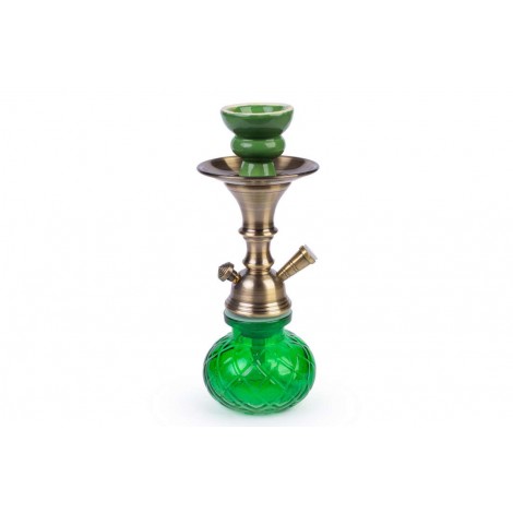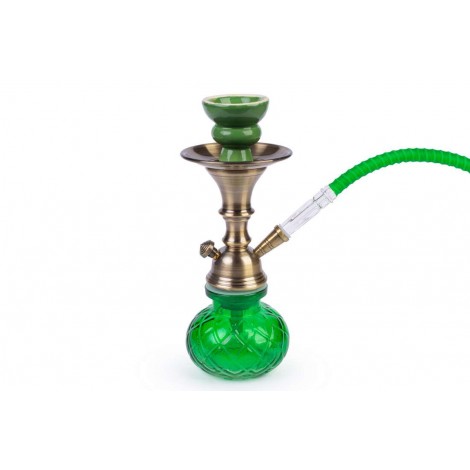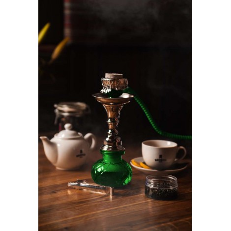 Oryginalny korpus w gustownym kolorze Mosiądzu, przyciąga wzrok przy tej shishy. W zestawie zielony klasyczny wąż, oraz zielony cybuch i ustnik z tworzywa sztucznego imitujący szkło, całość prezentuje się bardzo ładnie.
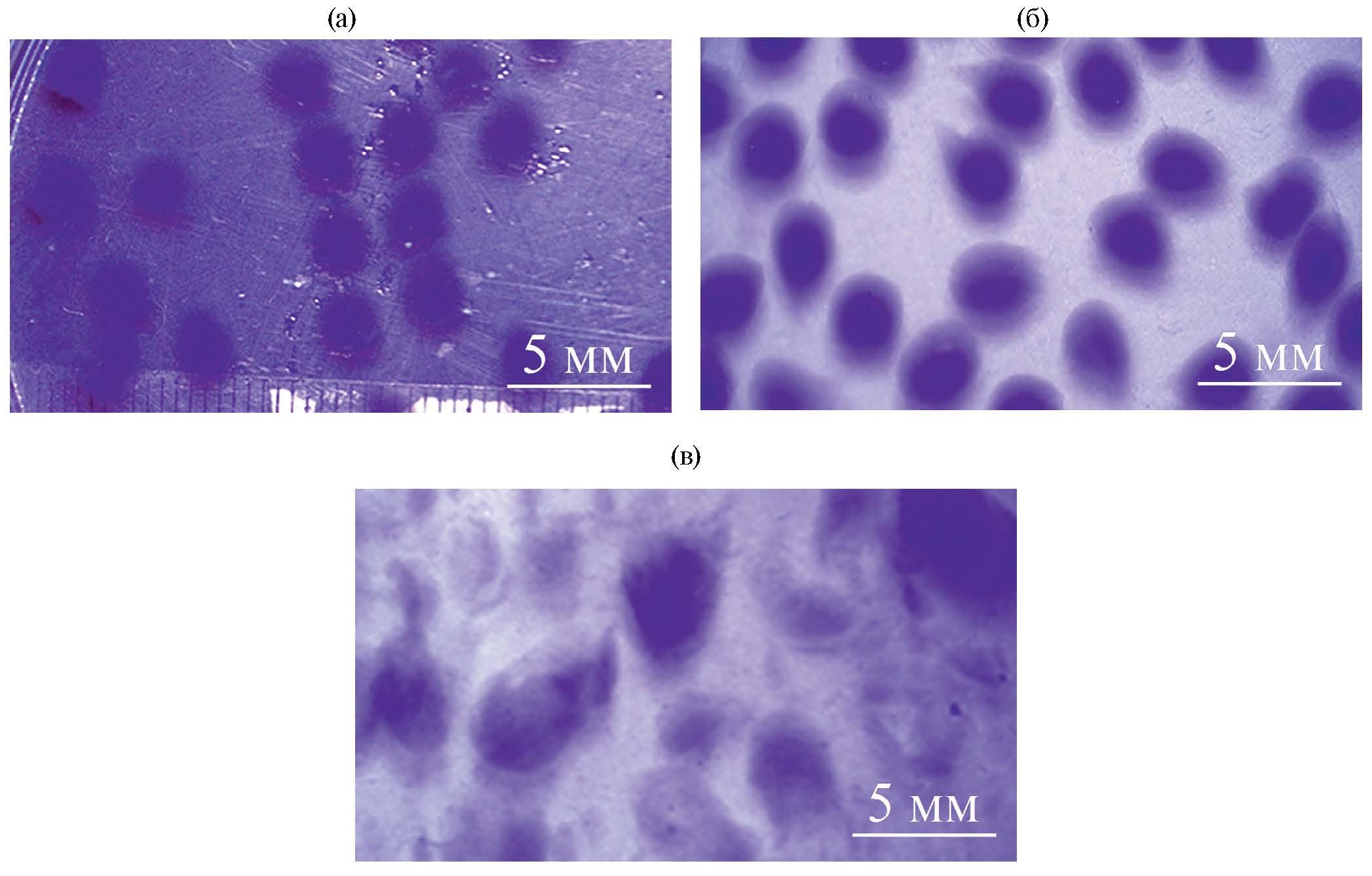 Замена центрального иона в структуре металлакрауна с Са(II) на Sr(II) не приводит к существенным изменениям в процессе образования гидрогелевых микросфер. Изменения концентраций МС(Sr) в гелеобразующих растворах наблюдаются в течение первых 10–15 мин, а затем они не меняются (рис. 5а). При исходных концентрациях С0(МС(Sr) 50 и 25 мг/мл получаются стабильные микросферы со средним диаметром 2.3 и 2.6 мм, соответственно (рис. 6а и 6б). При этом концентрация МС(Sr) в гелеобразующих растворах уменьшается с 50 до 41.8 мг/мл и с 25 до 20.4 мг/мл. После промывания сшитых микросфер в промывочном растворе устанавливаются следующие концентрации МС(Sr): Сwash(MC(Sr) = 1.0 мг/мл при сшивании альгината в растворе с C0(МС(Sr) = 50 мг/мл и Сwash(MC(Sr) = 0.8 мг/мл при C0(МС(Sr) = 25 мг/мл (рис. 5б). С умень шением концентрации МС(Sr) в гелеобразующем растворе до 12.5 мг/мл в ходе гелеобразования устанавливается концентрация Сend(МС(Sr) = 9.7 мг/мл, при этом, как и в случае использования раствора МС(Са) низкой концентрации, образуются бесформенные гидрогелевые образования (сгустки) (рис. 5в). При помещении последних в промывочный раствор там устанавливается концентрация 10 мг/мл (рис. 5б, кривая 3).
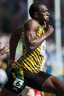 Les épreuves de sprint sont marquées par le triplé réalisé par le Jamaïcain Usain Bolt sur 100 m, 200 m et relais 4 × 100 m, qui réédite ses performances des championnats du monde 2009 et des Jeux olympiques de 2008 et de 2012. Il remporte tout d'abord l'épreuve du 100 m, deux ans après sa disqualification pour faux-départ aux mondiaux de Daegu, en s'imposant dans le temps de 9 s 77, devant l'Américain Justin Gatlin (9 s 85) et l'autre Jamaïcain Nesta Carter (9 s 95)[22],[23]. Il s'adjuge ensuite le titre mondial du 200 m en établissant la meilleure performance mondiale de l'année en 19 s 66, devant son compatriote Warren Weir (19 s 79) et l'Américain Curtis Mitchell (20 s 04)[24]. En fin de compétition, il rejoint les Américains Carl Lewis, Michael Johnson et Allyson Felix en devenant l'athlète le plus titré dans cette compétition avec huit médailles d'or. Il remporte en effet, avec Nesta Carter, Kemar Bailey-Cole et Nickel Ashmeade, l'épreuve du relais 4 × 100 m en 37 s 36, en devançant l'équipe des États-Unis (Silmon, Rodgers, Salaam et Gatlin) et celle du Canada (Smellie, Brown, Richards-Kwok et Warner), qui remportent la médaille de bronze après la disqualification du Royaume-Uni pour passage de témoin hors zone[25].

Exercise objective >> Please retype the listing in full, exactly as given, and skip every image.

Answer section >>
 Oryginalny korpus w gustownym kolorze Mosiądzu, przyciąga wzrok przy tej shishy. W zestawie zielony klasyczny wąż, oraz zielony cybuch i ustnik z tworzywa sztucznego imitujący szkło, całość prezentuje się bardzo ładnie.
 Замена центрального иона в структуре металлакрауна с Са(II) на Sr(II) не приводит к существенным изменениям в процессе образования гидрогелевых микросфер. Изменения концентраций МС(Sr) в гелеобразующих растворах наблюдаются в течение первых 10–15 мин, а затем они не меняются (рис. 5а). При исходных концентрациях С0(МС(Sr) 50 и 25 мг/мл получаются стабильные микросферы со средним диаметром 2.3 и 2.6 мм, соответственно (рис. 6а и 6б). При этом концентрация МС(Sr) в гелеобразующих растворах уменьшается с 50 до 41.8 мг/мл и с 25 до 20.4 мг/мл. После промывания сшитых микросфер в промывочном растворе устанавливаются следующие концентрации МС(Sr): Сwash(MC(Sr) = 1.0 мг/мл при сшивании альгината в растворе с C0(МС(Sr) = 50 мг/мл и Сwash(MC(Sr) = 0.8 мг/мл при C0(МС(Sr) = 25 мг/мл (рис. 5б). С умень шением концентрации МС(Sr) в гелеобразующем растворе до 12.5 мг/мл в ходе гелеобразования устанавливается концентрация Сend(МС(Sr) = 9.7 мг/мл, при этом, как и в случае использования раствора МС(Са) низкой концентрации, образуются бесформенные гидрогелевые образования (сгустки) (рис. 5в). При помещении последних в промывочный раствор там устанавливается концентрация 10 мг/мл (рис. 5б, кривая 3).
 Les épreuves de sprint sont marquées par le triplé réalisé par le Jamaïcain Usain Bolt sur 100 m, 200 m et relais 4 × 100 m, qui réédite ses performances des championnats du monde 2009 et des Jeux olympiques de 2008 et de 2012. Il remporte tout d'abord l'épreuve du 100 m, deux ans après sa disqualification pour faux-départ aux mondiaux de Daegu, en s'imposant dans le temps de 9 s 77, devant l'Américain Justin Gatlin (9 s 85) et l'autre Jamaïcain Nesta Carter (9 s 95)[22],[23]. Il s'adjuge ensuite le titre mondial du 200 m en établissant la meilleure performance mondiale de l'année en 19 s 66, devant son compatriote Warren Weir (19 s 79) et l'Américain Curtis Mitchell (20 s 04)[24]. En fin de compétition, il rejoint les Américains Carl Lewis, Michael Johnson et Allyson Felix en devenant l'athlète le plus titré dans cette compétition avec huit médailles d'or. Il remporte en effet, avec Nesta Carter, Kemar Bailey-Cole et Nickel Ashmeade, l'épreuve du relais 4 × 100 m en 37 s 36, en devançant l'équipe des États-Unis (Silmon, Rodgers, Salaam et Gatlin) et celle du Canada (Smellie, Brown, Richards-Kwok et Warner), qui remportent la médaille de bronze après la disqualification du Royaume-Uni pour passage de témoin hors zone[25].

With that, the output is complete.